U.K. Hospital Trials Brain Implant to Treat Parkinson’s
A hospital in the U.K. is the first to implant a brain device to reverse the symptoms of Parkinson’s – and its test patient calls it “amazing.” Surgeons at Southmead Hospital in Bristol, England, are implementing a tiny deep brain stimulation (DBS) device into the skull. An article in Newsweek and provided by Zenger News reported on the project in which the implant overrides the abnormal brain-cell firing patterns caused by Parkinson’s.
Why it’s important – Traditional operations for Parkinson’s involve implanting a reasonably large battery into the chest with wires that run under the skin through to the top of the head. The new DBS system, the smallest that has ever been created, involves a tiny battery system for the device implanted into the skull. It takes just three hours to carry out the new operation, about half the time it used to with the larger battery. For more on technology and Parkinson’s disease, read my post from last week.
Many hospital executives don’t have a digital strategy
Many healthcare organizations are spending a great deal of time on finding new digital solutions, but many aren’t sure about the options they have chosen. That’s a key takeaway from a new report on healthcare technology by Panda Health, a digital marketplace for health systems. The company, which evaluates health vendors to help hospitals find the right partners, was founded by CentraCare, Gundersen Health System, and ThedaCare.

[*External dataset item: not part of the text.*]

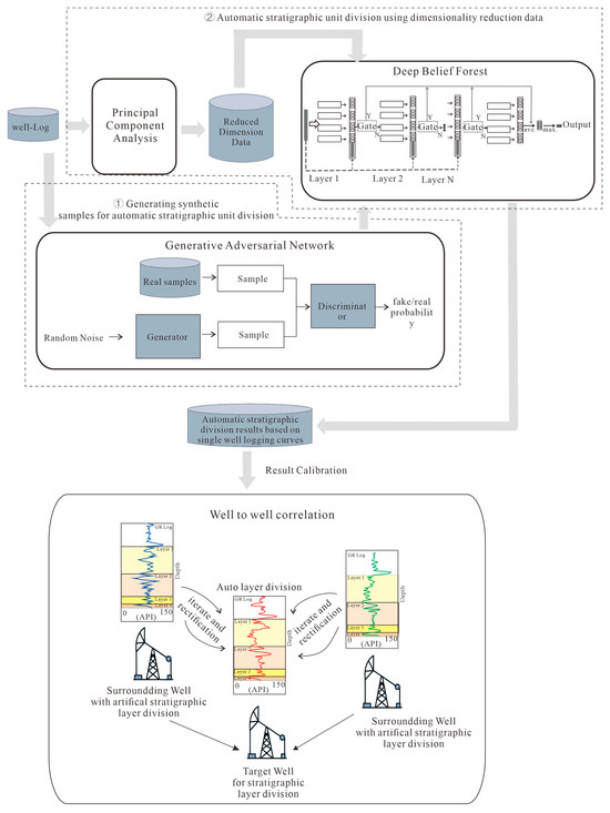 This paper proposes a novel approach, termed DRAG, for well log analysis and shale boundary identification, as illustrated in Figure 1. Specifically, the original well log curve data undergo dimensional reduction using the PCA algorithm. Subsequently, a GAN network is employed to generate synthetic samples of the well log curve data, aiming to achieve a balanced quantity of samples across different categories. The deep belief forest algorithm is then utilized for well log curve stratification. Lastly, the calibration threshold function of the layer division result for a single well is constructed, and the layer division result is corrected by considering the stratigraphic division schemes of neighboring wells.

Why it’s important – The hospitals that had digital health strategies found themselves better able to pivot during the COVID-19 pandemic, the report suggested. Hospitals with comprehensive digital plans were more likely to move forward with digital health solutions during the pandemic than those without strategies (71% to 41%).
How Google could own healthcare
Google’s response to the pandemic is a microcosm of how the company intends to lead the entire healthcare industry: helping people stay as healthy as possible through wellness care and managing the journey to receive care when needed. Adam Dorfman reports on Google’s strategy in his article on VentureBeat. Google, like Apple, has an advantage in personal healthcare: a data platform tied to devices. Hardware, though, is the key to Google’s foray into health. Devices, ranging from Chromebooks to Pixel phones to home devices, provide the means for Google users to manage their data and for Google to monetize it. The second part of Google’s healthcare strategy is to own the patient journey to getting care. And here, Google is the undisputed Big Tech leader. The company has positioned itself as the default resource for people to research symptoms and access care. Google influences every phase of the patient journey, from awareness to consideration.
Why it’s important – I’ve written on the challenges Big Tech faces in targeting healthcare earlier. Google will continue to move into healthcare using devices and software/data analytics to expand its reach. Google will also benefit by attracting more advertisers (engagement and volume are like gold to online advertisers).
Researchers create AI model to predict pediatric no-shows
Kat Jercich from Healthcare IT News reports that a team from Boston Children’s Hospital and Yonsei University used local weather information to help forecast the possibility of patients missing scheduled appointments. By adopting a data imputation method for patients with missing information in their records, developing an interpretable approach that explains how a prediction is made, and exploiting local weather information, the team created a model identifying 83% of no-shows at the time of scheduling.

Why it’s important – No-shows cost the industry approximately $150 Billion per year in the U.S. alone. And as the researchers pointed out, “no-shows” can negatively impact patient health and hospital and clinics’ resource utilization. For this study, researchers noted that their model showed minimal predictive performance differences across racial groups. And of course, other health system leaders have pointed out that no-shows can be reduced via different technologies such as telemedicine and patient engagement platforms.